Schwäbische Zeitung (Biberach)
Datenschutzskandal ungewöhnlichen Ausmaßes
Ravensburger Patientenakten: Selbst wenn keine Anklage erhoben wird, droht eine hohe Geldbuße
RAVENSBURG - Einen Datenschutzskandal von dem Ausmaß wie in Ravensburg hat die für den Gesundheitsbereich zuständige Referatsleiterin beim Landesdatenschutzbeauftragten, Gabriele Heiss-Kaiser, noch nie erlebt. „Das ist schon ungewöhnlich“, kommentiert sie den Fall vom Dezember 2017. Wie berichtet, waren zahlreiche ungeschredderte Patientenakten der Oberschwabenklinik auf dem Ravensburger Wertstoffhof im Altpapier gefunden worden.
Die Akten aus den Jahren 1997 bis 2008 enthielten hochsensible Gesundheitsdaten von teils jugendlichen Patienten, zum Beispiel über Drogenmissbrauch oder Suizidgefahr. Ein ehemaliger Belegarzt steht im Verdacht, sie dort unsachgemäß entsorgt zu haben. Nach SZ-Informationen soll es sich dabei um einen Kieferchirurgen handeln, der Kopien der Akten angefertigt hat, was im Gegensatz zu der haarsträubend unsachgemäßen Entsorgung grundsätzlich erlaubt ist. Die Akten enthielten zum Teil nicht nur Informationen zum Fachgebiet des Belegarztes, sondern auch zu anderen Befunden der Patienten.
„Es kommt schon mal vor, dass eine einzelne Akte verschwindet, aber eher in Krankenhäusern“, sagt Heiss-Kaiser.
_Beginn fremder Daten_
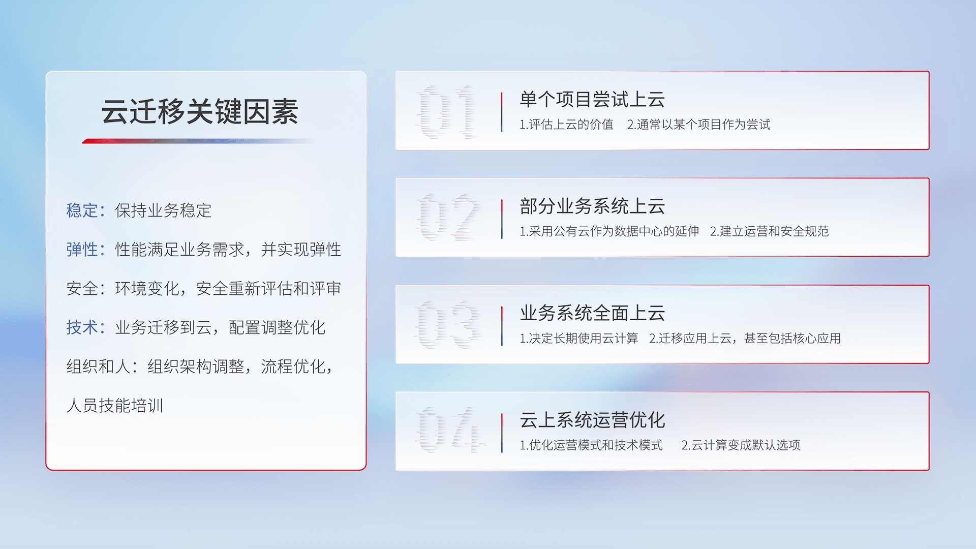 结合实际业务,,,,从规划设计、、、云平台选型、、云原生改造、、数据迁移、、、、集成交付,,,,迁移全过程为客户识别最佳上云路径,,,,做好风险识别管理,,,,设计网络架构、、、、身份权限、、安全审计合规、、操作审计、、、、日志审计、、监控告警策略、、多站点容灾设计等,,对云上基础设施进行整体规划,,,提升IT治理水平,,,以满足弹性、、高可用、、高性能的需求。。。。

Ein Fall von einem niedergelassenen Arzt sei entweder noch nie vorgekommen oder ihrer Behörde zumindest nicht gemeldet worden. Der schlimmste bekannte Datenschutzskandal im Bereich Gesundheitswesen in Baden-Württemberg sei eine verschwundene Sicherungs-CD mit 300 000 Patientendaten vor einigen Jahren aus einem Krankenhaus im Badischen gewesen.
Was droht dem mutmaßlichen Verursacher nun? Man müsse unterscheiden zwischen den Ermittlungen der Staatsanwaltschaft Ravensburg, bei denen es um einen etwaigen Verstoß gegen die ärztliche Schweigepflicht geht, der nach Paragraf 203 des Strafgesetzbuchs geahndet wird. Im Fall einer Verurteilung müsste der Täter bis zu einem Jahr ins Gefängnis oder eine Geldstrafe zahlen. Bis zu zwei Jahre Haft würden drohen, falls er sich oder einen anderen hätte bereichern oder dem Patienten absichtlich schaden wollen. Im vorliegenden Fall eher unwahrscheinlich, denn die Akten wurden im Müll nur zufällig entdeckt.
Ein Verfahren einleiten kann neben der Staatsanwaltschaft aber auch die zuständige Aufsichtsbehörde, die derzeit noch beim Regierungspräsidium Karlsruhe angesiedelt ist und ab Mai mit der Verschärfung des Bundesdatenschutzgesetzes in die Zuständigkeit des Landesdatenschutzbeauftragten in Stuttgart wechselt. Die Behörde kann jetzt schon empfindliche Geldbußen verhängen. Derzeit liegen sie bei bis zu 300 000 Euro, ab 18. Mai mit Inkrafttreten der Gesetzesnovelle bei zehn Millionen Euro oder bei Unternehmen bis zu zwei Prozent des weltweit erzielten Umsatzes. Ob es zu einem Verfahren gegen den früheren Belegarzt, der zu den Vorwürfen bei der polizeilichen Vernehmung geschwiegen hat, kommt, steht derzeit noch nicht fest.